-------- Dataset --------
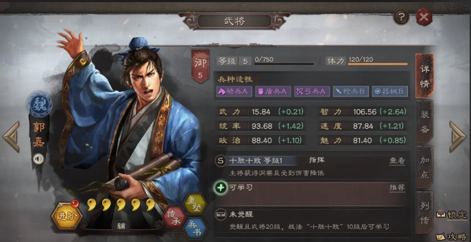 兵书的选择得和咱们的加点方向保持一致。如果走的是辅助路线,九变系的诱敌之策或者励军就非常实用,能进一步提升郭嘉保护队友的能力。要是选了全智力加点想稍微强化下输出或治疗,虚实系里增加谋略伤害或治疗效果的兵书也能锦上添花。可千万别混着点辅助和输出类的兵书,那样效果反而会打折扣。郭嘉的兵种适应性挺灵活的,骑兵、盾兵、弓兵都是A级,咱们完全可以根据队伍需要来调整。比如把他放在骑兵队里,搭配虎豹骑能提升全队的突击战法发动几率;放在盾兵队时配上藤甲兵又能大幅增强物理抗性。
--------
-------- Dataset --------
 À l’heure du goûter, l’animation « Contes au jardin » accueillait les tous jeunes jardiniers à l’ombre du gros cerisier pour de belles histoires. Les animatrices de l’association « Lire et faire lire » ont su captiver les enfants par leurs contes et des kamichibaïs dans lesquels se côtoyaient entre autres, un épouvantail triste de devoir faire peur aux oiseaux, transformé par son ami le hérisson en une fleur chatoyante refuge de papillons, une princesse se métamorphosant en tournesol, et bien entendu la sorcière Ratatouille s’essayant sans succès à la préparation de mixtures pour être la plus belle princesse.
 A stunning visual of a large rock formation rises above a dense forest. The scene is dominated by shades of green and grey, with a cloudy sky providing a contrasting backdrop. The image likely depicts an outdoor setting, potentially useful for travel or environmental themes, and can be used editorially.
--------
Your goal: Out of the data above, transcribe exactly and only the lines starting with the line that has "À l’heure du" and going on through the line that has "A stunning visual", both included.

Answer area:
 À l’heure du goûter, l’animation « Contes au jardin » accueillait les tous jeunes jardiniers à l’ombre du gros cerisier pour de belles histoires. Les animatrices de l’association « Lire et faire lire » ont su captiver les enfants par leurs contes et des kamichibaïs dans lesquels se côtoyaient entre autres, un épouvantail triste de devoir faire peur aux oiseaux, transformé par son ami le hérisson en une fleur chatoyante refuge de papillons, une princesse se métamorphosant en tournesol, et bien entendu la sorcière Ratatouille s’essayant sans succès à la préparation de mixtures pour être la plus belle princesse.
 A stunning visual of a large rock formation rises above a dense forest. The scene is dominated by shades of green and grey, with a cloudy sky providing a contrasting backdrop. The image likely depicts an outdoor setting, potentially useful for travel or environmental themes, and can be used editorially.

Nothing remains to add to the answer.